Figure 9 shows the polarization curves of all samples, and the corresponding corrosion potential (E_corr) and corrosion current density (I_corr) results are shown in Table 3. The corrosion resistance of superhydrophobic EP-HDTMS@SiO₂ coatings was evaluated not only via electrochemical impedance spectroscopy (EIS), but also using dynamic potential polarization (Tafel). In this study, measurements were performed at room temperature in a 3.5% NaCl solution. Figure 8 shows the polarization curves of a superhydrophobic surface with different mass ratios of EP and SiO₂. Tafel linear extrapolation was used to obtain electrochemical parameters of the samples, mainly including corrosion potential (E_corr) and corrosion current density (I_corr). The specific values are listed in Table 3. For the Tafel test, an increase in corrosion potential and a decrease in corrosion current represented an improvement in the corrosion resistance of the material. It was not difficult to see that the aluminum alloy after spraying organic coatings, regardless of the mass ratio of EP to SiO₂, had a more positive E_corr and a smaller I_corr compared to pure Al. Without the addition of nano-silica, the E_corr of the EP-HDTMS coating was −0.972 V and the I_corr was 1.321 × 10⁻⁷ A/cm⁻². When the mass ratio of EP to SiO₂ is 3:1, the minimum I_corr obtained is 2.295 × 10⁻⁸ A/cm⁻². Due to the presence of fine cracks on the surface of the coating, the I_corr at a mass ratio of EP to SiO₂ of 3:2 was 2.562 × 10⁻⁷ A/cm⁻². A surface containing an appropriate amount of nano-silica can effectively improve the corrosion resistance of the coating. Excess silica increased agglomeration and cracking of the coating, resulting in a reduction in the coating’s protection of the substrate’s corrosion resistance.

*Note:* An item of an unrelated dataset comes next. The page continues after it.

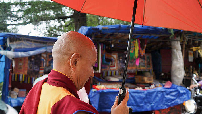 Pero la supervivencia también se libra en el día a día. Pese a las incesantes lluvias de monzón, el mercado de McLeod Ganj es un bullicio de paraguas de colores, y este vibrante comercio tiene un motor muy específico.
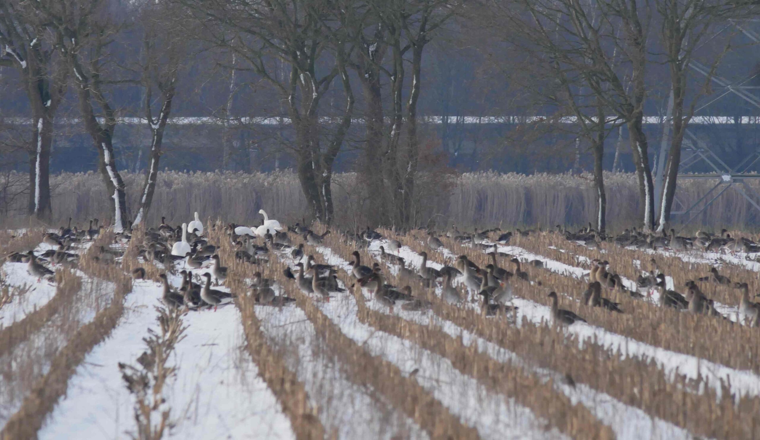 Gänse und Schwäne im Schnee auf Maisfeld (Bild: HM)

3.6. Self-Cleaning Performance of EP-HDTMS@SiO₂ Coatings

Figure 10 shows the self-cleaning effect of the hydrophobic coating on the surface of the aluminum alloy. When water droplets are applied to an untreated aluminum alloy surface, they diffuse and adhere to the surface, indicating the hydrophilicity of the surface. However, for aluminum alloys coated with the superhydrophobic EP-HDTMS@SiO₂ coating, the water droplets remained spherical and were cut off from the surface with the CuSO₄ powder, revealing its superhydrophobic properties. Under similar conditions, when a drop of water touches a surface made of superhydrophobic aluminum alloy that contains dirt particles such as toner, soot, and chalk dust, the water drop immediately beads up, taking the attached dirt particles with it. This process left almost no traces of contaminants on the surface, indicating that the adhesion between the contaminant particles and the superhydrophobic surface was weak. It was concluded that the superhydrophobic aluminum alloy coated with EP-HDTMS@SiO₂ had excellent self-cleaning properties. The mechanism for this self-cleaning performance lay in the interaction between the superhydrophobic surface and the rolling water droplets. Since the surface was superhydrophobic, water droplets did not spread upon contact with the surface but remained spherical. At the same time, due to the effect of surface tension, the water droplets reduced their surface area so that they wrapped tightly around the dirt particles and carried them away from the surface. This process not only removed the surface contamination but also ensured that the surface was clean and effectively prevented further contamination.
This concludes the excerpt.